From a top down perspective, Macau gaming stocks tend to have a high correlation to the overall macro environment in China.  Specifically, softness in the economy and property prices have a direct impact on the VIP segment.  Majority of the high rollers in Macau come from old economy industries including real estate, materials and infrastructure.  If we look at gross gaming revenue trends (GGR) for the VIP segment, growth decelerated from +35% YoY in 3Q17 to -15% in the last few quarters, following the overall deceleration in the broad economy over the past few quarters. 
In addition to the slowdown of the overall economy, few other factors also provided headwinds to the sector.  With the RMB under pressure from trade war, capital controls remain tight in China resulting in very tight liquidity conditions, which ultimately has a ripple effect in Macau.  Furthermore, latest unrest in Hong Kong has disrupted visitor connectivity from HK to Macau given disruption at airports and ferry terminals.
Despite the top-down negative headlines, the fundamental structure story is still compelling, in particular driven by (i) incremental supply coming online which will drive growth in penetration, (ii) resilience in mass market which is key EBITDA growth driver (vs. VIP segment) and (iii) attractive valuations and strong FCF generation.
Macau generated $38bn in gaming revenue in 2018, 6x more than Vegas.  Similar to what we experienced in the US with growth in Las Vegas, penetration growth in Macau is partially driven by availability of supply.  Core component of GGR growth consists of volume/visitation which is driven by unmet demand, infrastructure development and hotel supply.  Vegas penetration, calculated as visitors/US population grew from less than 4% in 1970 to more than 13% today, primarily driven by increased supply of hotel rooms and other types of entertainment.  Looking at Macau, where over 70% of visitors are from China, penetration ratio (as % of Chinese population) is less than 2% and less than 3% if we only take into account China’s urban population (more representative given higher GDP/capita and higher propensity to visit and spend in Macau).  Looking at the tailwinds on why penetration will increase longer term is the rise in GDP per capita and increase middle class consumption which is estimated to reach $10 trillion by 2030.  
A more immediate and positive catalyst is improvements in infrastructure which will drive visitation growth.  Over 40% of the Chinese visitors to Macau come from Guangdong.  Key infrastructure projects that will expand the land transportation network will diversify and expand penetration of Macau beyond Guangdong province.  For example, China high-speed railway, which opened in Sep 2018 and connects China inland cities  to HK, shortened travel time from Shenzhen to HK to 10 mins and from Guangzhou to HK to 1.5 hrs.  The opening of HK-Zhuhai-Macau bridge in Nov 2018 improved access to Macau via HK airport (70mn passengers per year).  Prior to the opening, visitors to Macau needed to first go to Kowloon/HK ferry terminals (30-40mins from airport) and then take a ferry to Macau (50-60 mins).  The bridge reduces overall travel time from ~2 hrs to ~30 minutes and cost has gone down from ~HK200 to ~HK50.  Visitors from tier 1 cities are expected to growth MSD over the next 3-5 years while tier 2 cities will growth at LDDs. 
More importantly, disciplined and visible hotel supply will drive growth in Macau over the next 3-5 years.  Larger number of hotel rooms will allow guest to stay longer and are key to driving growth in overnight visitors, which are more lucrative than day-trip visitors.
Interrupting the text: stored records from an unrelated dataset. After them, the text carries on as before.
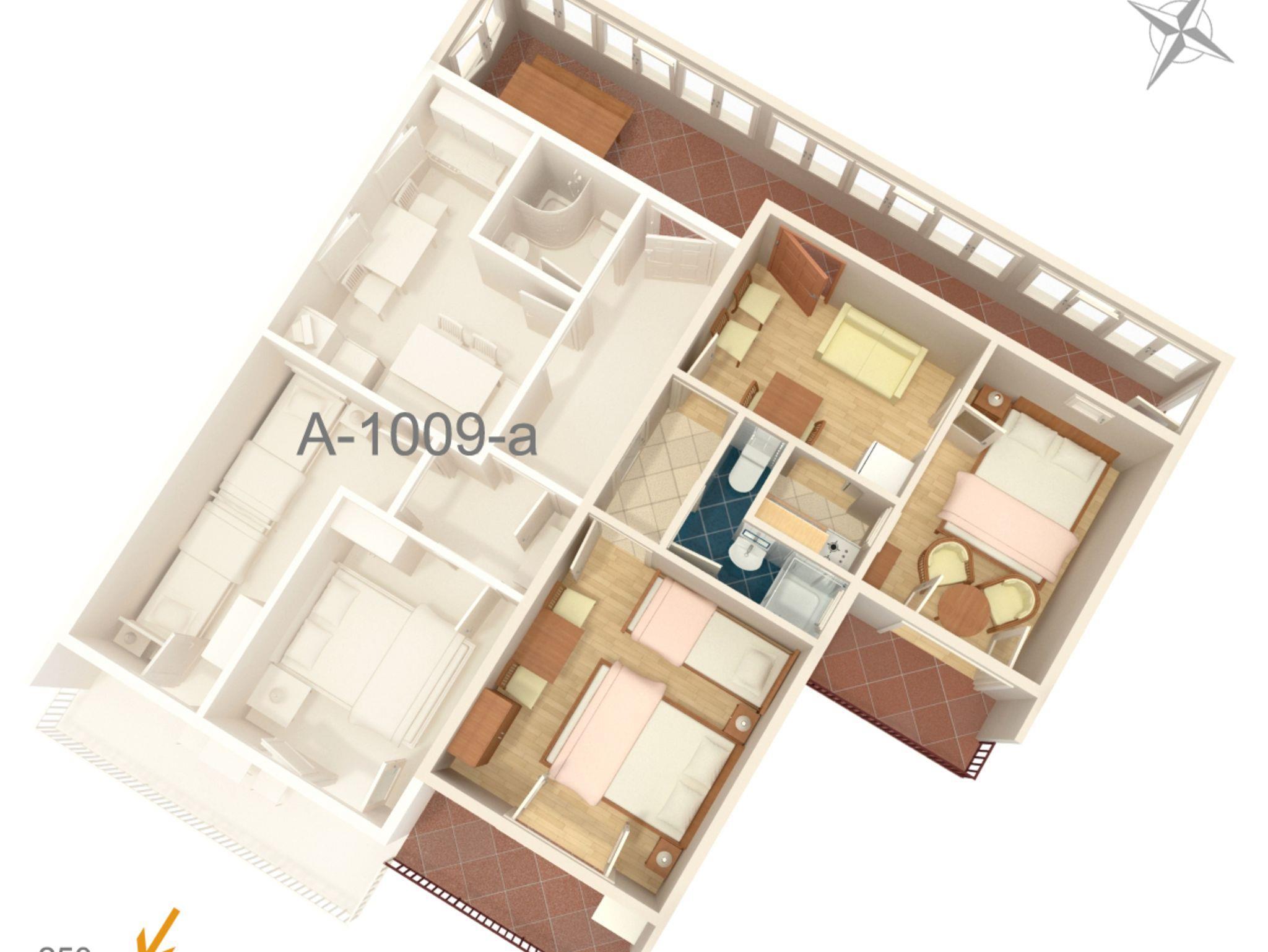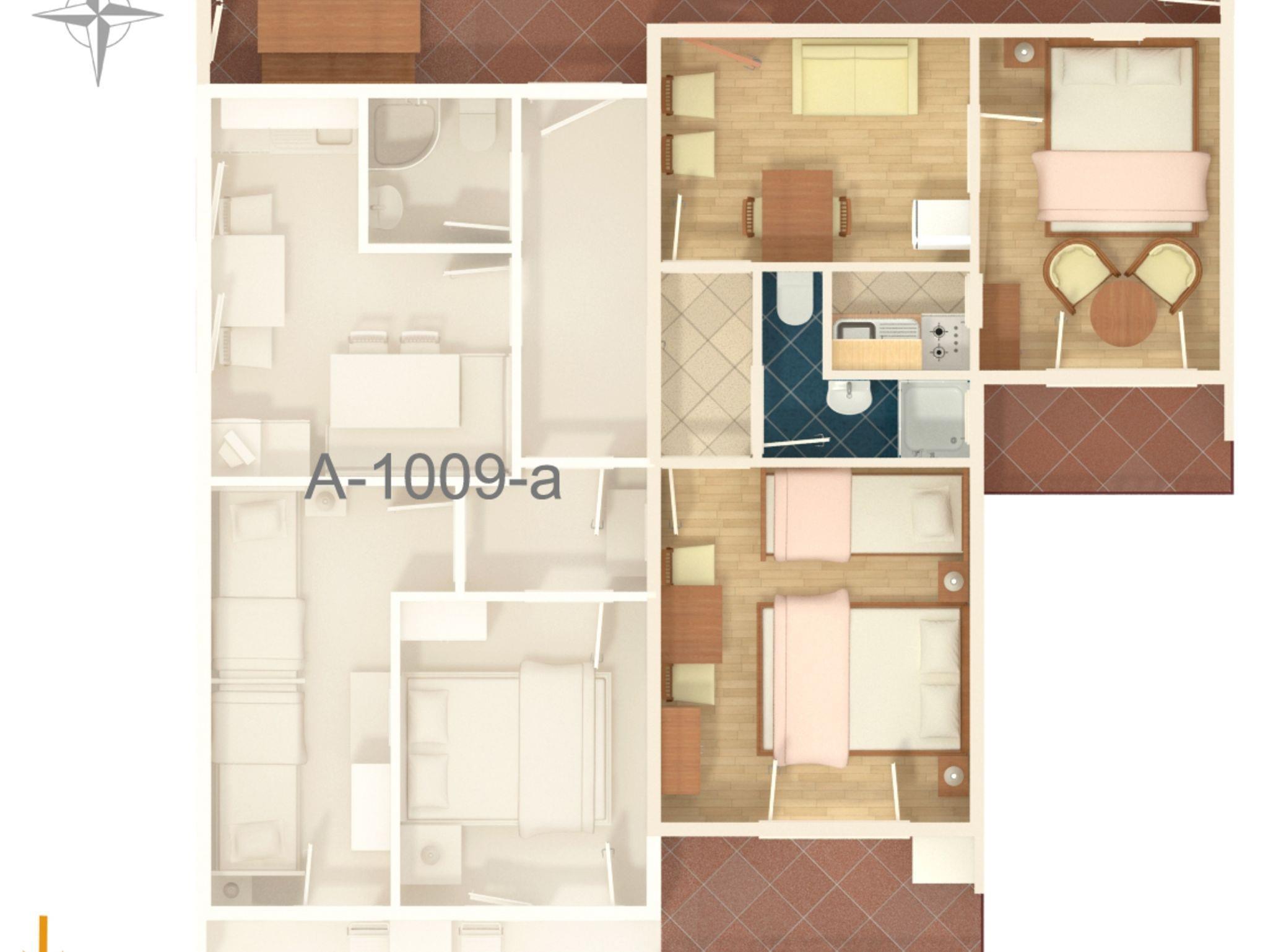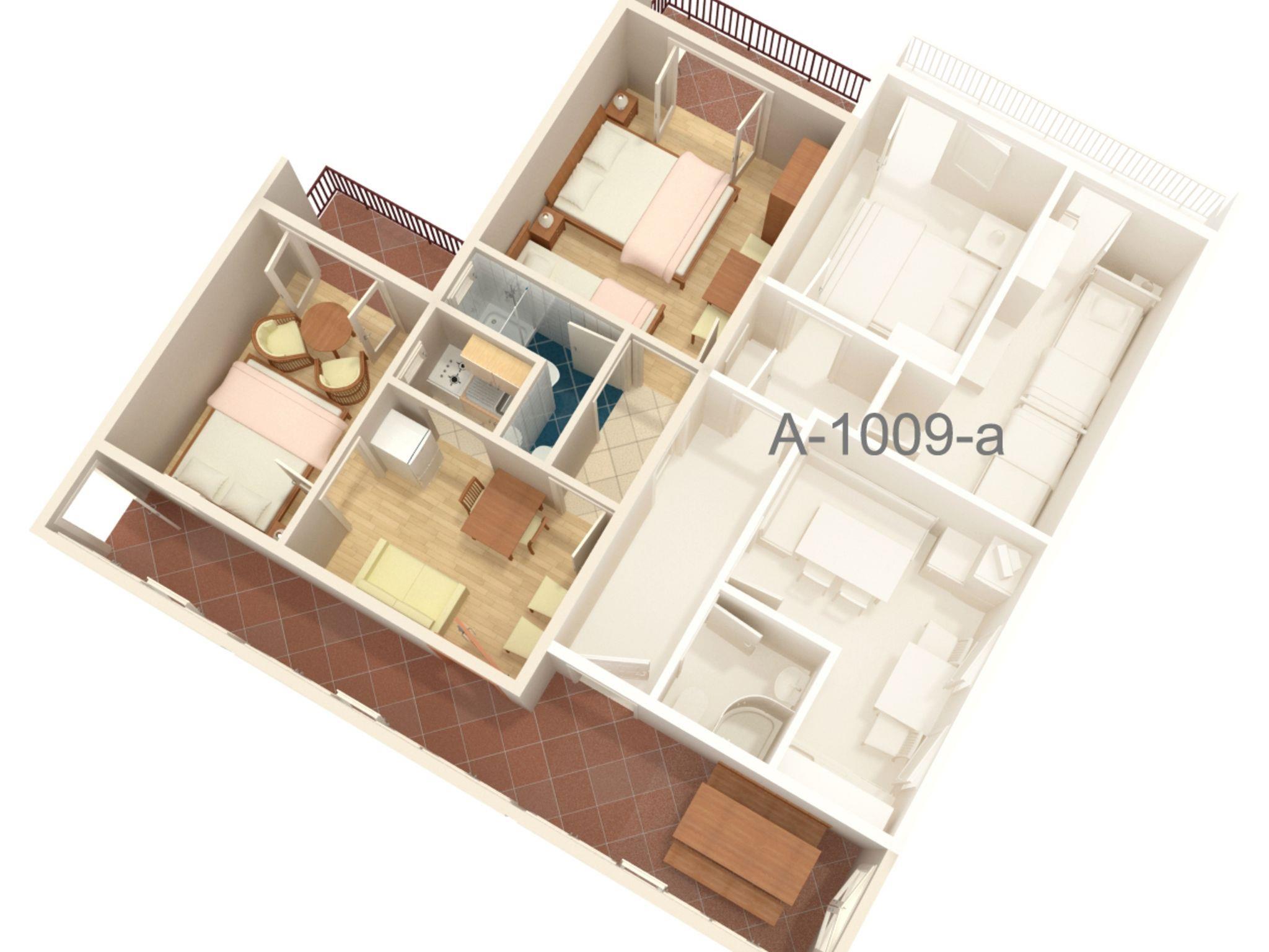 Ferienwohnung bietet Platz für 4 Gäste. Die Betten sind in Schlafzimmern, die es 2 gibt, innerhalb einer Gesamtfläche von 37m2, angeordnet. Die Gäste haben einen eigenen Balkon zur Verfügung, auf der sie in warmen Sommernächten genießen können. Das Apartment bietet Meerblick. Es ist erlaubt, Speisen auf dem Gemeinschafts-Grill vorzubereiten. Die reservierte Unterkunftseinheit verfügt über einen gemeinsame Terrasse. IM PREIS INBEGRIFFEN: Kurtaxe, Endreinigung, Parkplatz, Garage, Internet. UNVERBINDLICHE ZUSÄTZLICHE KOSTEN: Klimatisierung (1,00 € pro Stunde), Zusatzbett (15,00 € pro Nacht). Die Verfügbarkeit zusätzlicher Dienstleistungen in Ihrem reservierten Termin und die Preise derselben (falls nicht aufgeführt) müssen im Voraus überprüft werden. Zusätzliche Dienstleistungen die in der Zahlungsaufforderung nicht aufgeführt sind werden direkt beim Vermieter bezahlt, angenommen der Gast nutzt auch diese. Ermäßigung auf den Grundpreis: Gratistag 14=13 (bei einem Aufenthalt von 14 Tagen oder mehr erhalten Sie einen Gratistag für den Aufenthalt bis 31.12.26).
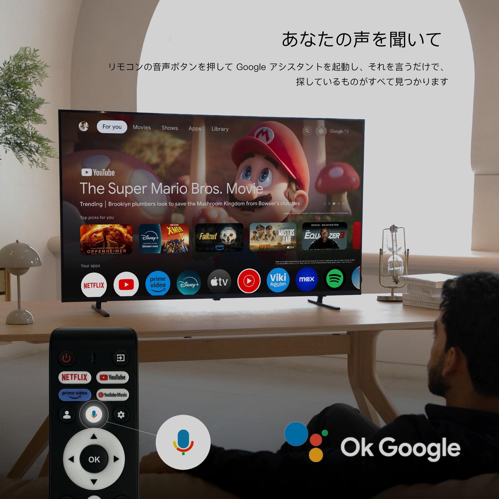 【Google OSを搭載】Google テレビ は包括的なエンターテイメント エクスペリエンスを提供し、ユーザーはさまざまなストリーミング サービス、アプリ、ライブ TV チャンネルに 1 か所でアクセスできます。 直感的なインターフェイスと音声コントロール機能により、お気に入りのコンテンツを簡単にナビゲートして見つけることができます。
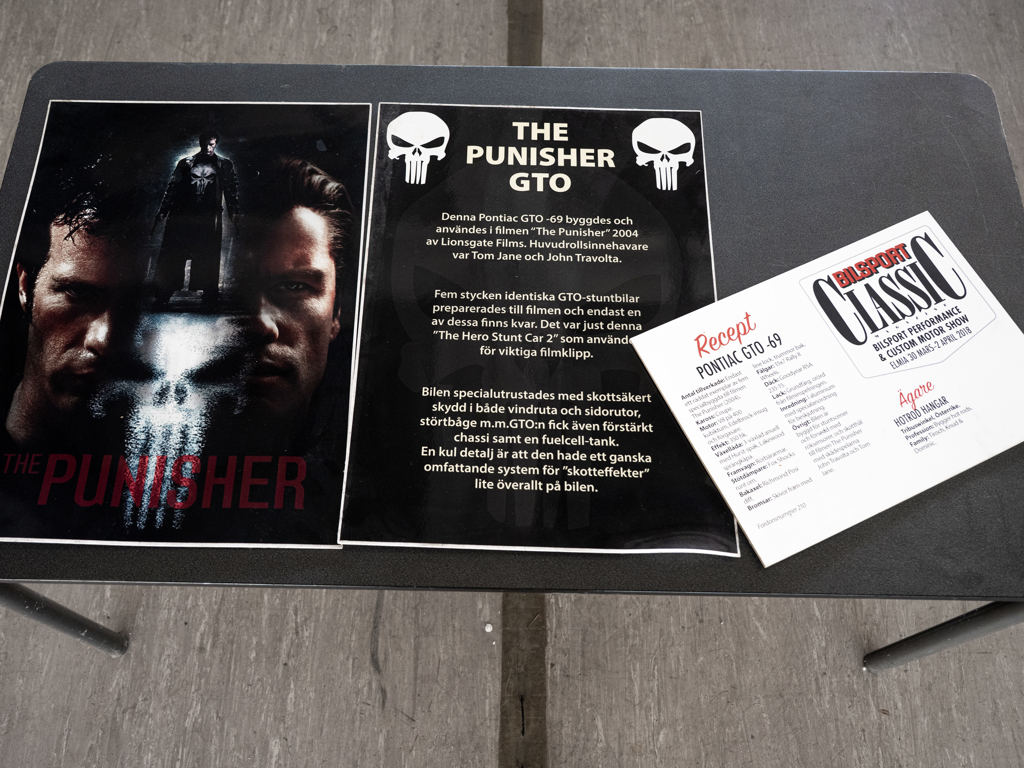 One of five cars used in the filming of the 2004 movie The Punisher Retains the effects of life on the film set; featuring bullet holes, all-aluminium interior, and custom dashboard Ideal for exhibition at car shows and film fan conventions Einer von fünf Pontiac GTOs aus dem 2004er Film The Punisher Noch mit den Spuren des Filmeinsatzes versehen, darunter Einschusslöcher, ein Aluminiuminterieur und ein spezielles Armaturenbrett Ideal als Display für Carshows oder bei Filmkongressen
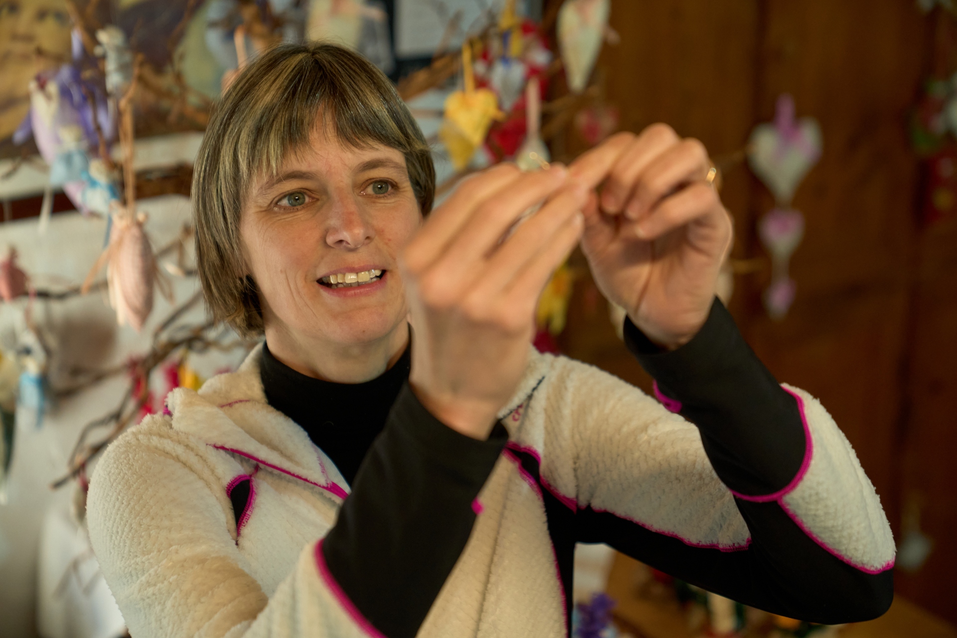 Prendo ago e filo e, con pazienza e cura, punzecchio la lana per trasformare una semplice pallina in un paesaggio incantato. Faccio nascere nanetti da un pezzo di legno, compongo vasetti di fiori dai mille colori, creo cuori imbottiti che sembrano battere di vita propria. Ogni creazione è un piccolo mondo, dove la fantasia prende forma e trova libertà.
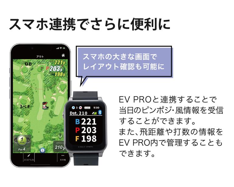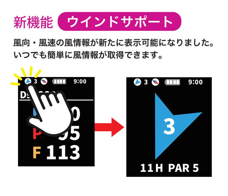 | その他詳細 2 | ●ベタピンナビ ショット地点にあったグリーンまでの距離と形状を表示するベタピンナビがカラーになったことでさらに見やすく、便利になりました。 ●風情報表示 スマホアプリ「EV PRO」との連携で、当日の風向・風速を表示します。ゴルフにとって重要な風情報を常に意識することで、より戦略的にプレーすることができます。 ●でか文字表示 グリーンのフロントエッジとピンまでの距離(ピンポジ君未設定時はセンター)のみを大きく表示。 よりシンプルにグリーンの残り距離だけを知りたいという方にお勧めです。 ●2グリーン同時表示 左右にある2つのグリーン情報を、1つの画面に同時に表示。左右の切替操作も不要です。 |
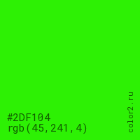 Цвет #2DF104 в цветовой модели RGB обозначается тремя октетами (45, 241, 4) в десятичном формате и #2DF104 в шестнадцатиричном (hex) формате, которые являются интенсивностью красного 45 (hex 2D), интенсивность зелёного 241 (hex F1) и интенсивность синего 4 (hex 04).
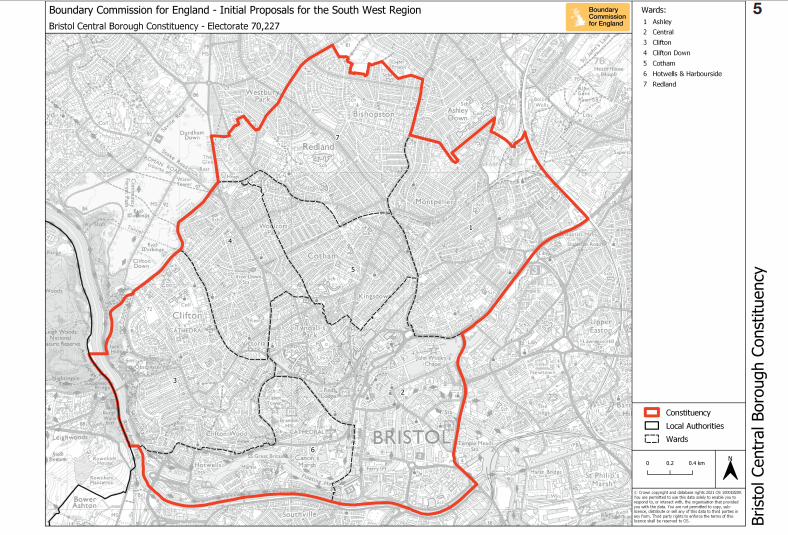The new Bristol Central constituency would encompass the wards of Ashley, Central, Clifton, Clifton Down, Cotham, Hotwells & Harbourside and Redland: which returned 11 Green councillors out of its 14 council seats in May’s local elections.

Occupancy rates remain high averaging in the range of 90-95% in 2019 despite numerous large number of openings over the past few years (Wynn Palace and Parisian 2016, MGM and City of Dreams 2018).  Looking at the capacity expansions, casino hotel rooms are expected to grow from 26,000 in 2019 to 30,000 in 2022, with most the growth coming from SJM, Galaxy and Sands. Looking at past performance of Macau stocks, we’ve seen a direct correlation between EBITDA growth and capacity expansion with stocks outperforming 6-12 months in advance of major capacity additions.  
From a fundamental structural point of view, the main positive transformation has been the change in mix contribution to EBITDA from VIP to mass market gaming.  As highlighted before, while a weak VIP market is weighing heaving on overall GGR, mass business continues to grow at a healthy rate driving margin, EBITDA and FCF growth.  EBITDA margins for VIP segment is ~10% while it’s 30-40% for mass.  Main differential in the cost structure between VIP and mass is that VIP carries the highest ratio of variable costs which is driven by high rebates to VIP customers and junket (promoter) commissions.  ~80% of total junket commission which represents ~1%+ of rolling chip or 45% of VIP revenue is returned to players as rebates.  The remaining 20% of the commission is part of opex.  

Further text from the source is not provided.